Copy the lines below exactly, starting at the one with "法学学士,硕士:西南政法大学人权研究院 法学硕士,现任番号鸽 专职辅导员。" and ending at the one with "ТС | VOYAH |", and leave out any picture.

### Stored data entries
○ ○ ○ ○ ○
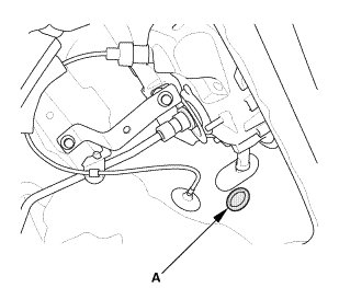 1. Remove the center seat belt buckle bolt (A) at the floor.
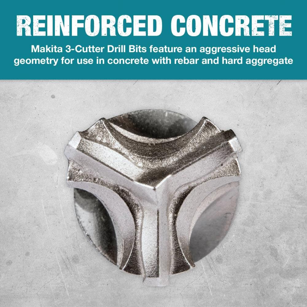 Makita SDS-Plus 3-cutter bits are ideal for a range of general purpose drilling applications in concrete and reinforced concrete.
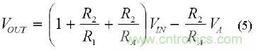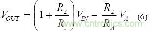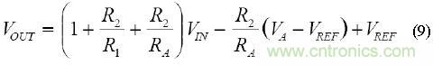 如果相對(duì)于原始等式中的VREF取VOUT和VA,則可得到相同的結(jié)果。 VA(MAX)~VREF也應(yīng)替換等式(7)中的VA(MAX)。
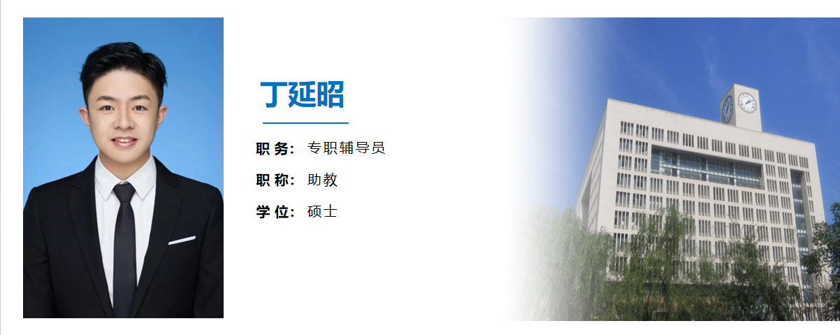 丁延昭,男,汉族,1996年11月出生,中共党员,本科:西南政法大学行政法学院 法学学士,硕士:西南政法大学人权研究院 法学硕士,现任番号鸽 专职辅导员。
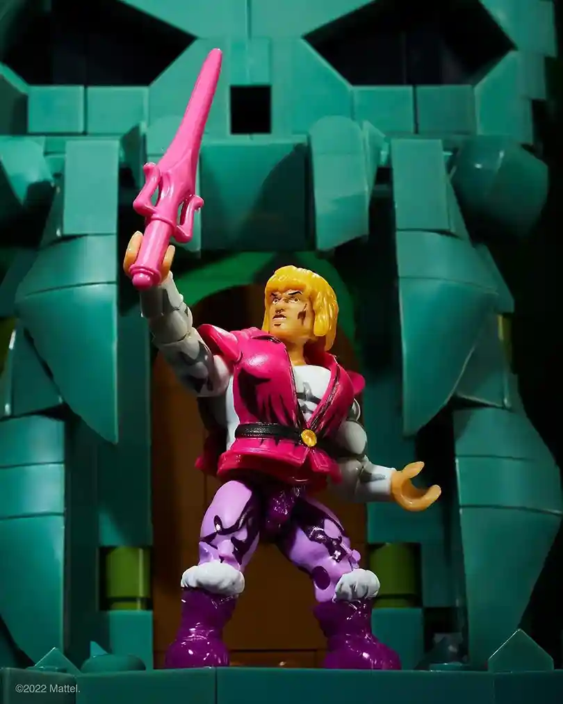 As we covered back in May when new Masters of the Universe Mega Construx mini figures were leaked and posted on the Official Mega Construx site (then taken down), we saw the mini figs we speculated that would come with recently launched MEGA Snake Mountain plus two other He-Man and Prince Adam figures! Today Mattel confirmed the MEGA Powers of Grayskull MOTU SDCC 2022 Exclusive as part of their 12 Days of Fandom leading up to San Diego Comic Con 2022! Before we dive into the new set, here are the images that were leaked back in May that showed more of an animated cell shading versions of both Prince Adam and He-Man!
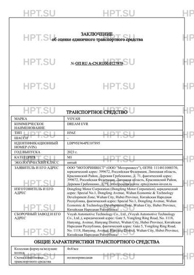 | Марка ТС | VOYAH |
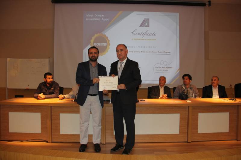 Sözlerinin başında kalite ve akreditasyon çalışmalarına değinen Dekanımız, “İki yıldan fazla bir zamandır sürdürülen akreditasyon çalışmalarımız bildiğiniz üzere başarıyla sonuçlandı ve bu şekilde Türkiye’de ve İslam Aleminde Yüksek Din Öğretimi alanında akreditasyon alan ilk fakülte olduk” dedi. Fakültenin akreditasyon hususunda diğer fakültelere örneklik teşkil ettiğini belirten Dekanımız, çok sayıda fakülteye talepleri üzerine öz değerlendirme raporunu örnek olarak gönderdiklerini söyledi ve Kalite ve Akreditasyon Kurulu başkan ve üyelerine teşekkürlerini iletti.
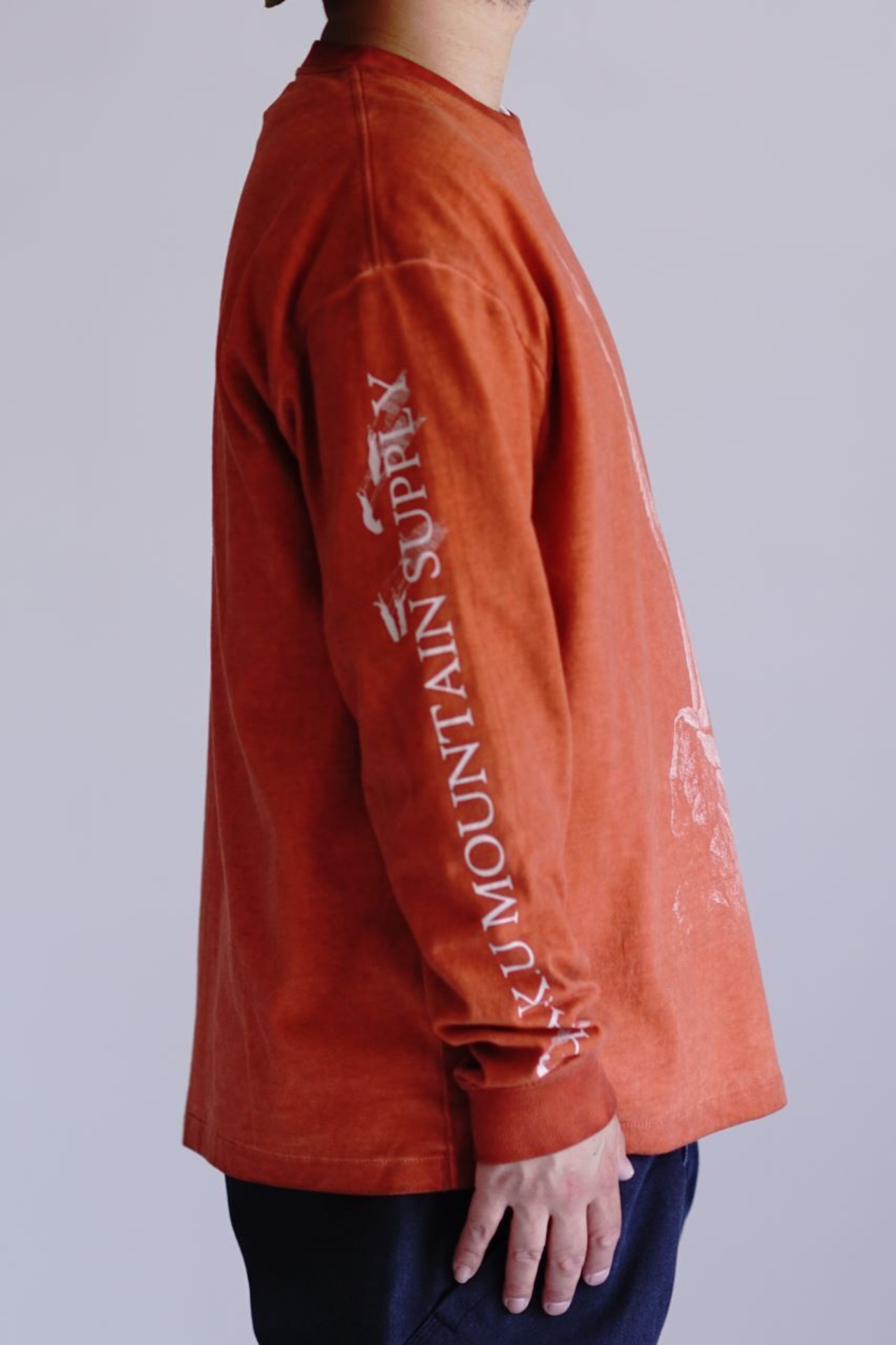 9.5ozのオリジナル空紡天竺 [CABIN JERSEY] を使用したヘビーウェイト仕様のロングスリーブTシャツです。顔料染めによるヴィンテージ感のある風合いが特徴で、着用を重ねるごとに自然な色落ちを楽しめます。(オフホワイトのみ油抜きによる製品洗い仕上げ)
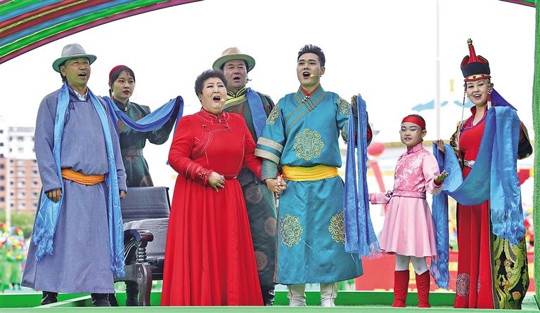 老一輩烏蘭牧騎藝術(shù)家德德瑪老師攜手幾代烏蘭牧騎演員放聲歌唱。
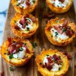 - Step 7: Top the potato cups with sour cream, crumbled bacon, and sliced green onions. Serve warm and enjoy.
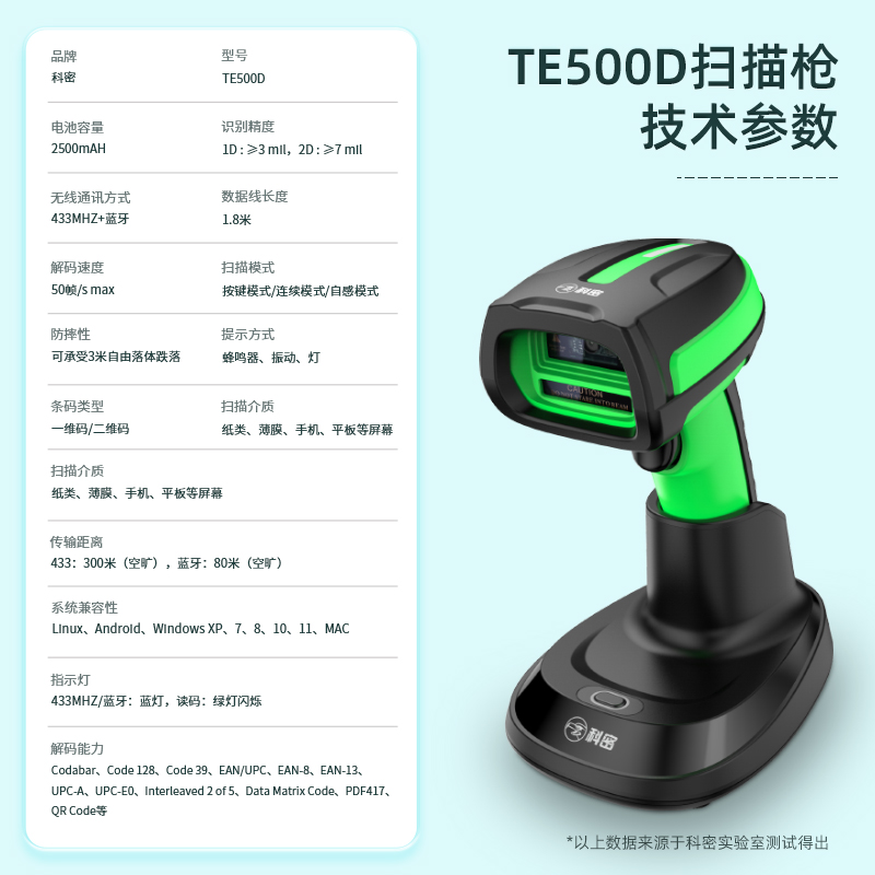 科密(comet)掃描槍無線藍牙掃碼槍一二維掃碼器 超市餐飲收銀倉庫物流盤點 帶座TE500D 支持國產(chǎn)系統(tǒng)
○ ○ ○ ○ ○
### TASK RESPONSE
 丁延昭,男,汉族,1996年11月出生,中共党员,本科:西南政法大学行政法学院 法学学士,硕士:西南政法大学人权研究院 法学硕士,现任番号鸽 专职辅导员。
 As we covered back in May when new Masters of the Universe Mega Construx mini figures were leaked and posted on the Official Mega Construx site (then taken down), we saw the mini figs we speculated that would come with recently launched MEGA Snake Mountain plus two other He-Man and Prince Adam figures! Today Mattel confirmed the MEGA Powers of Grayskull MOTU SDCC 2022 Exclusive as part of their 12 Days of Fandom leading up to San Diego Comic Con 2022! Before we dive into the new set, here are the images that were leaked back in May that showed more of an animated cell shading versions of both Prince Adam and He-Man!
 | Марка ТС | VOYAH |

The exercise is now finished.